– Eso no va a suceder -le advirtió.

– Pero yo te quiero, ¿es que eso no significa nada para ti?

Alex pensó en lo que había ocurrido casi dos años atrás, cuando había llegado a casa antes de lo previsto.

– No, no significa absolutamente nada para mí.

Capítulo 3

Dani permanecía en el porche de una impresionante casa de Bellevue, diciéndose a sí misma que no se iba a acabar el mundo en el momento en el que llamara al timbre. Por mucho que tuviera la sensación de que era exactamente eso lo que iba a ocurrir. Además, si continuaba mucho tiempo allí, terminaría llamando la atención de los vecinos. ¿Y qué pasaría si llamaban a la mujer de Mark para decirle que había una mujer merodeando por su casa? Katherine Canfield abriría la puerta y la encontraría allí. Y, por supuesto, no era así como Dani quería que se conocieran.

– No paro de divagar -musitó Dani para sí-. Esto es terrible. Creo que necesito ir al psiquiatra. O un trasplante de cerebro.

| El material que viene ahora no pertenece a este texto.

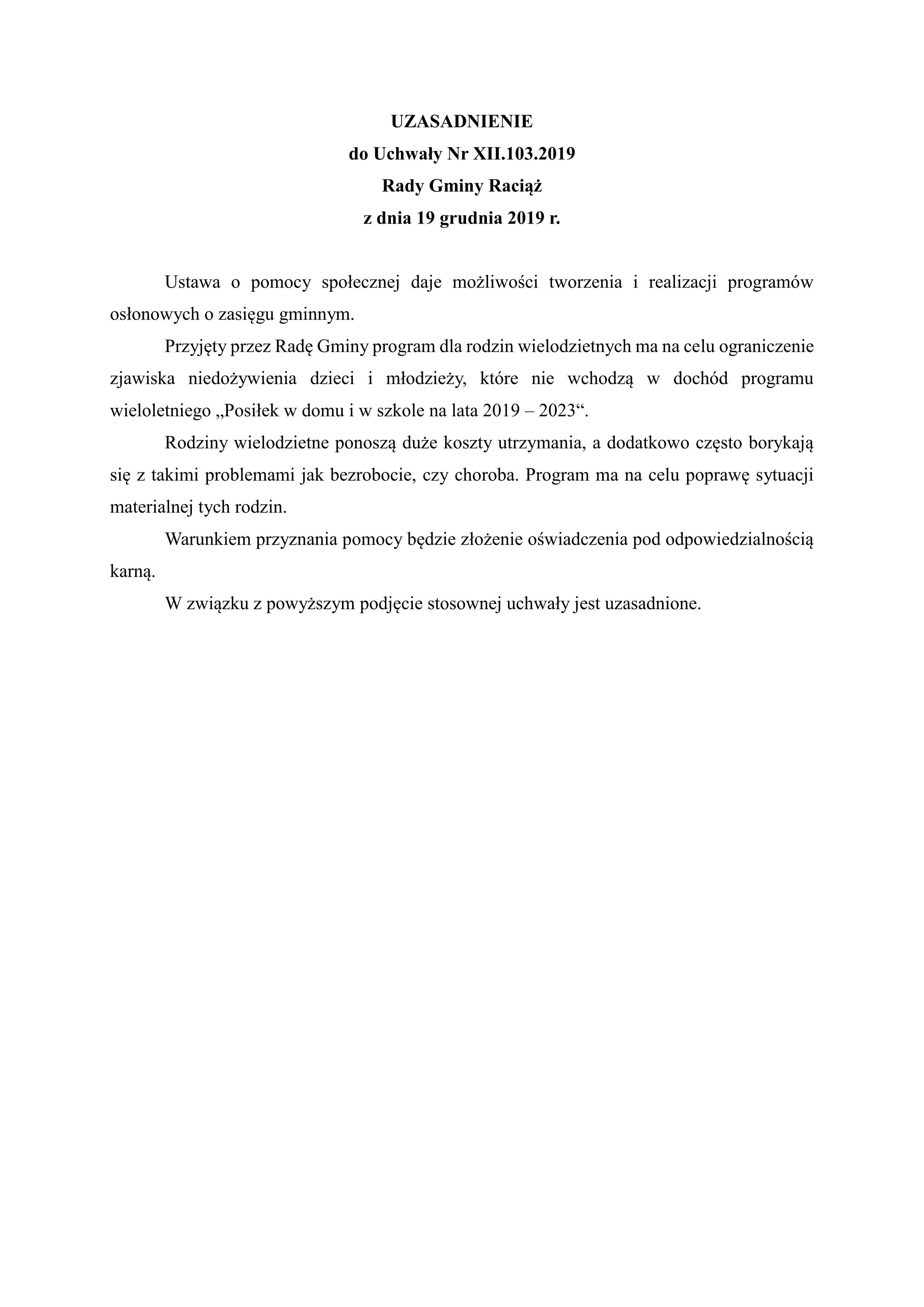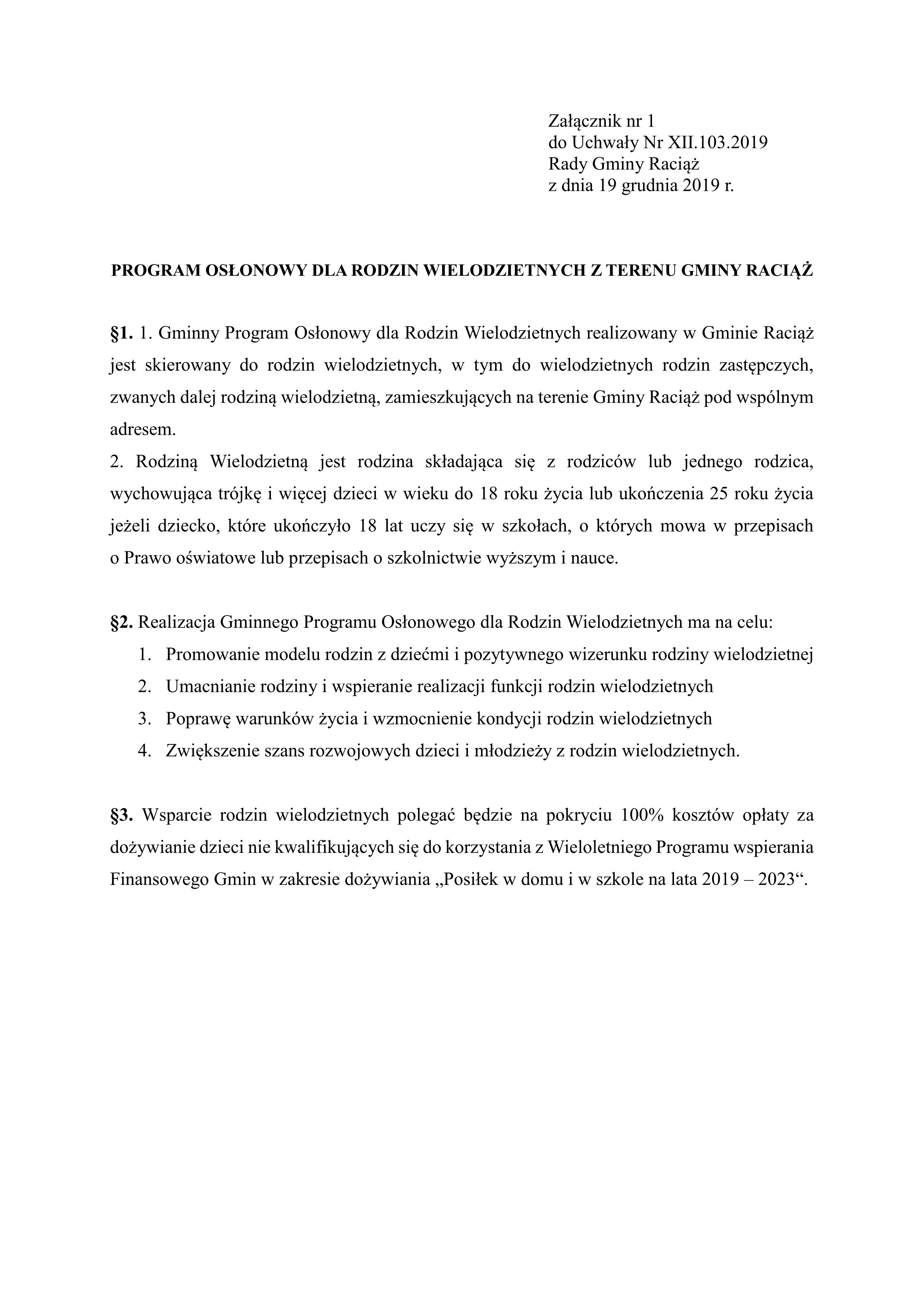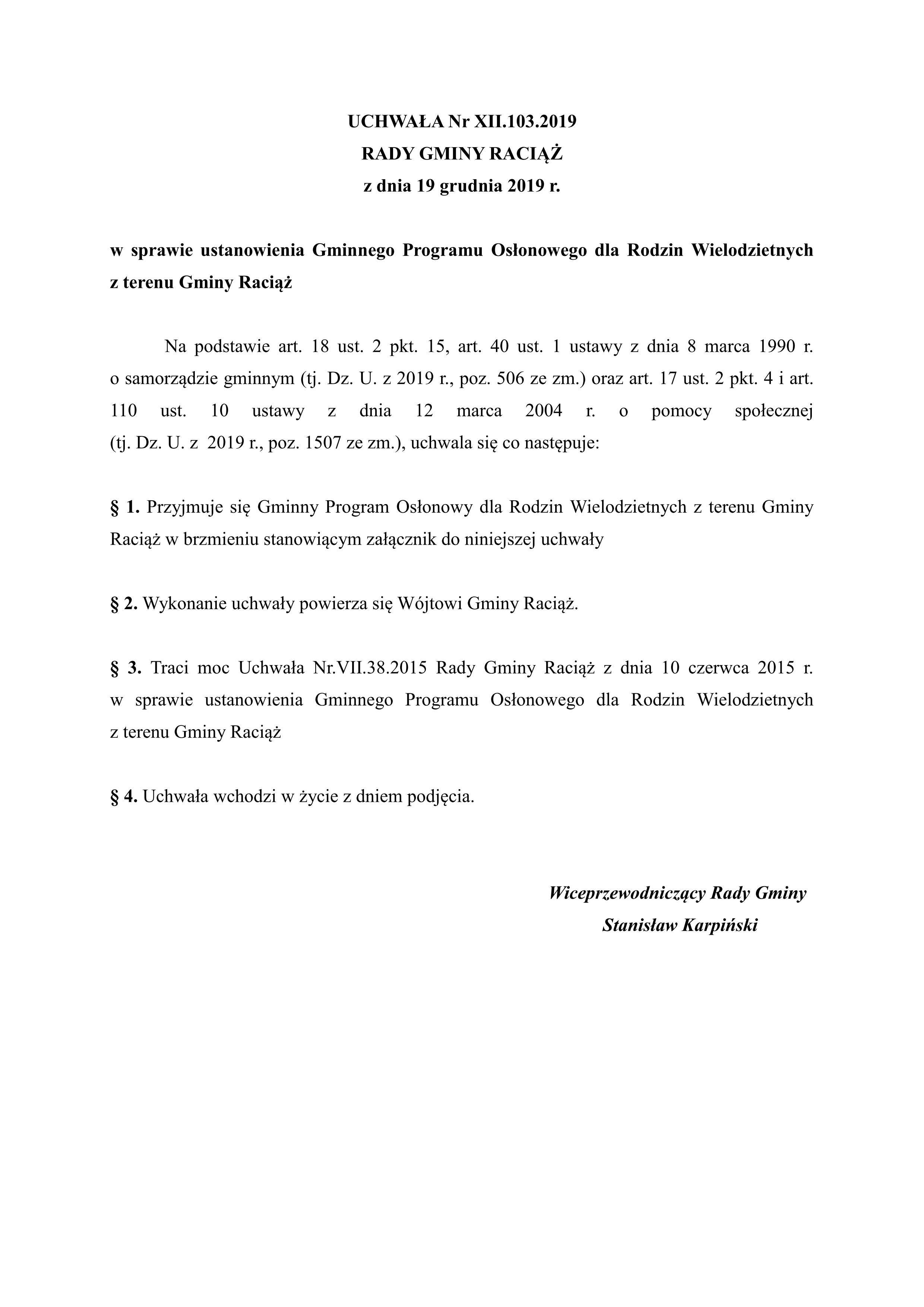 UCHWAŁA Nr XII.103.2019 RADY GMINY RACIĄŻ z dnia 19 grudnia 2019r.
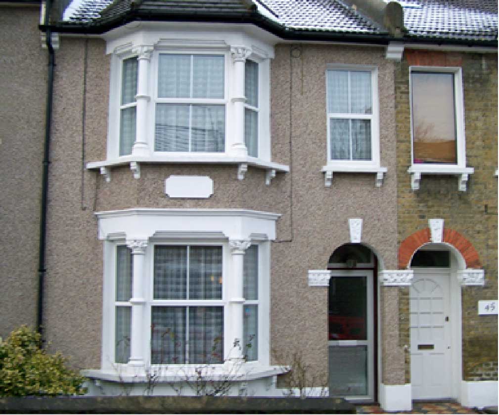 Back to pebbledash removalAnother transformation in Greenwich with red brick features. This property was one of three in the road and had minimal brick replacement. Again the red brickwork was pointed in Tuck and the yellow Ribbon point always a good finish for these features.

Se obligó a llamar al timbre. Cuando lo oyó sonar en el interior de la casa, el corazón se le aceleró de tal forma que pensó que corría el serio peligro de estallar y salir disparada hasta la galaxia más cercana.

La puerta se abrió. Dani intentó prepararse para lo que la esperaba, pero no tuvo tiempo. En el instante en el que vio al hombre que permanecía al otro lado, el aire desapareció de sus pulmones.

– Gracias a Dios -dijo sin poder contenerse-, sólo eres tú.

Alex arqueó las cejas.

– ¿Sólo yo? ¿No te resulto suficientemente intimidante después de nuestro último encuentro? ¿No han servido de nada mis amenazas?

– No, no, no era eso lo que pretendía decir. Me has parecido aterrador. De hecho, creo que me costará dormir durante unas cuantas semanas. Tendré pesadillas con dragones. En serio. Es sólo que, comparada con la posibilidad de encontrarme con tu madre… no quiero ofenderte, pero esto no es nada.